No table? That's a pretty easy fix. Make your own. For cutting dovetails and many other tasks, you can get good results with a piece of good quality ply (you can get a piece of Baltic Birch ply or something similar, from a local supplier. You cut an opening in the ply and mount the router underneath. If you want to use it for the long haul, add a second layer or 18mm wide, straight stock as trusses underneath.

If you have almost any kind of cabinet, you can mount the top on it, or simply set on top of a couple of saw horses. I'd mount a switch on the underside of the top so you can easily turn the router on and off.

If you use two layers, cut an opening large enough for the router base in the bottom layer and attach the two with screws. Two layers help keep the top flat over time. Later, you might wish to put in a mounting plate, and the double layer will make that easier. Also, you can use a really flat 2x4 or 2x6 as a fence. You clamp it in place. Cut an opening for the bit and maybe a dust collection port at the back side of the opening. Simple to make, very serviceable. It is also safer in general to use a router in the table. Your mate may appreciate that.

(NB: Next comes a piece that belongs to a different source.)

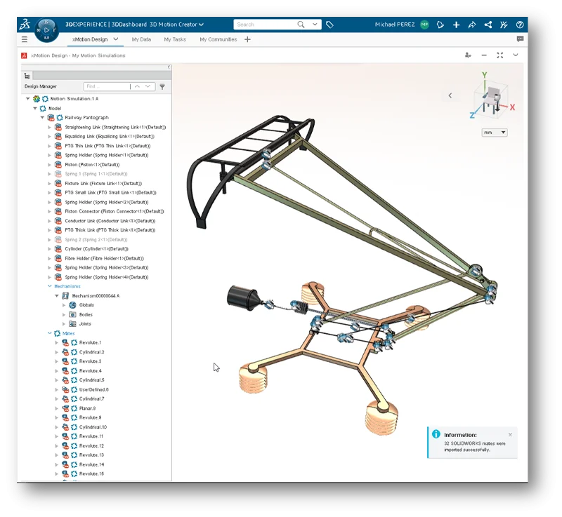 This is a huge time-saver. SOLIDWORKS users can now use native SOLIDWORKS mates in 3D Motion Creator with the new Mate Import command, so you do not have to recreate the mates. When you import the mates, they will automatically be converted to joints when you create your mechanism.

Lots of posts on making a router table on the site. The Porter Cable type jig is less expensive in general than the Leigh/Sommerfeld (L/S) units, but one reason I'm selling my never used Rockler jig is it is very confusing to correct an effor in the result--at least it is to me. As you saw in the video, how intuitive the L/S jig is. You number the parts as shown and set height very simply and you've got it. Both L/S jigs also have straight box joint "tuning forks." The Sommerfeld "new" dovetail jig is $240 (U.S.), bits included, not very much more than the Porter Cable style jig. I think you'll be happier with the L/S style jig.